Mandiant, Okta, and every major incident responder involved in this campaign have converged on the same recommendation: phishing-resistant authentication, specifically FIDO2 security keys and passkeys, that cryptographically verify the server being accessed. A hardware key checks the domain before completing the authentication handshake, which means a fake SSO portal fails silently regardless of how convincing it appears to the human sitting in front of it.
The Bottom Line
The technique that powered the largest vishing campaign of 2026 succeeded precisely because it could defeat every form of MFA that depends on human judgment.

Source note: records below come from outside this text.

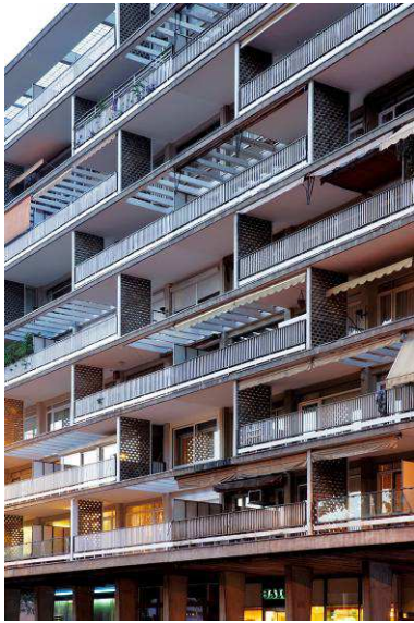
RRG_V_CAT_A26_3 contenido: vista exterior fecha de realización: 2008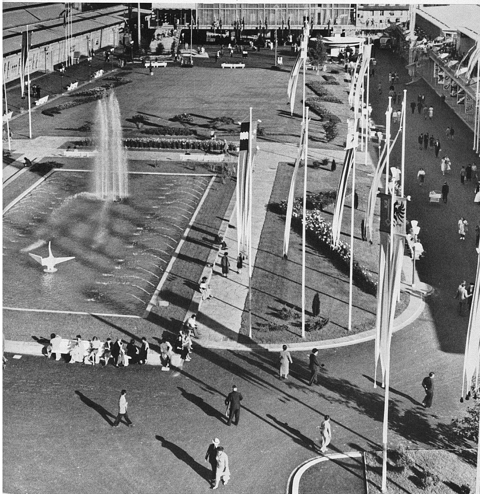
Das festliche Gelände des « Comptoir suisse » in Lausanne.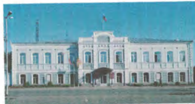
г. Троицк, Челябинская область

Челябинская область ул. Климова, 7 АДМИНИСТРАЦИЯ г. Троицка

The only reliable defense is one that removes human judgment from the verification process entirely.
Key Takeaways
- ShinyHunters breached over 400 organizations in early 2026 by calling employees, impersonating IT support, and directing them to victim-branded SSO credential harvesting sites that replicated real authentication flows in real time.
- The campaign inverts the traditional brand impersonation model: the brand being spoofed belongs to the victim, and the targets are employees rather than customers.
- Each breach generates a secondary wave of customer-facing brand impersonation as attackers exploit disclosure confusion with fake notifications and phishing lures.
- Phishing-resistant authentication (FIDO2, passkeys) is the only defense that fully neutralizes the technique, because it removes human judgment from the verification process.